The judgments of dismissal on the 8th, 9th, 10th, 11th, 12th and 59th causes of action are affirmed as to all parties. The dismissals of the 13th and 57th causes of action are affirmed as to respondent Wells Fargo, and reversed as to respondents Crockers and Park. The order denying attorney fees, subject of the cross-appeal of Wells Fargo, is reversed.
Except as to Wells Fargo which shall be entitled to its costs on appeal, each party shall bear his own costs.
1. At the time the within action was commenced the applicable provisions were embodied in Civil Code sections 3369 to 3370.1. Section 3369 was amended in 1977 (Stats.1977, ch. 299, p. 300, s 2). Paragraphs (2) through (6) are now contained in Bus. & Prof.Code sections 17200, 17201, 17203-17204. Section 3370 was repealed by Stats.1976, ch. 837, p. 2149, s 1. Section 3370.1 was repealed by Stats.1977, ch. 299, p. 878, s 3, see now Bus. & Prof.Code section 17206.
2. (As did its predecessor, Civ.Code s 3369(3).)
3. Section 789.5, subdivision (a) does prohibit provisions in any lease with a tenant by which the tenant purports to waive his rights under section 789.5. There is no allegation of any violation of this prohibition. Additionally, section 789.9 requires that all of the language of sections 789.4 through 789.14 inclusive be included either in the rules and regulations or the rental agreement. There is no allegation of any violation of this statutory requirement.
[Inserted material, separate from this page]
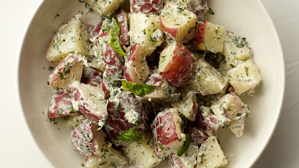 This is going to be the one to get some weird looks, but of you recook your potato salad you get nice, crispy, flavorful potatoes. Preheat your oven to 425º, if you have excess mayonnaise put your potato salad in a strainer and rinse some, but not all, of the mayonnaise off. Bake in the oven for about a half hour, but make sure you turn your potatoes.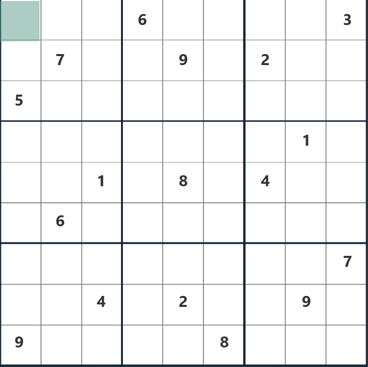 Sudoku is a logic puzzle played on a 9x9 grid. Your goal is to fill the grid with digits from 1 to 9, ensuring that each column, each row, and each of the nine 3x3 subgrids contains all the digits from 1 to 9.

4. The 12th cause of action also incorporates by reference the allegations of a number of paragraphs of the second amended complaint relating to alleged violations of Health & Safety Code section 18200, et seq., and related provisions of the Administrative Code. It is not necessary for us to deal with these allegations, since we have already concluded that they state no cause of action which the district attorney is authorized to prosecute.
5. We address this issue pursuant to Code of Civil Procedure section 43. An order denying attorney fees is independently an appealable order as a final determination on a collateral matter severable from the general subject of the litigation. (See Associated Convalescent Enterprises v. Carl Marks & Co., Inc. (1973) 33 Cal.App.3d 116, 120, 108 Cal.Rptr. 782.)
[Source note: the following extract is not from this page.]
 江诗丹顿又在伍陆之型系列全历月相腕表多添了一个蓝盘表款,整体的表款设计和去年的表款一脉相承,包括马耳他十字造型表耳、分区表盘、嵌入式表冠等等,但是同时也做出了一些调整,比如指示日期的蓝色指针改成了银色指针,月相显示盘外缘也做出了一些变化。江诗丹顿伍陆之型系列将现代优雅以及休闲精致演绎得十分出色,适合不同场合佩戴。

6. It is not necessary for us to address, and consequently we do not decide herein, whether the People are entitled to attorney fees under Civil Code section 789.12 if they had prevailed on any cause of action brought under Civil Code sections 789.5 to 789.11, inclusive.
WIENER,* Associate Justice. FN* Assigned by the Chairperson of the Judicial Council.
KAUFMAN, Acting P. J., and MORRIS, J., concur.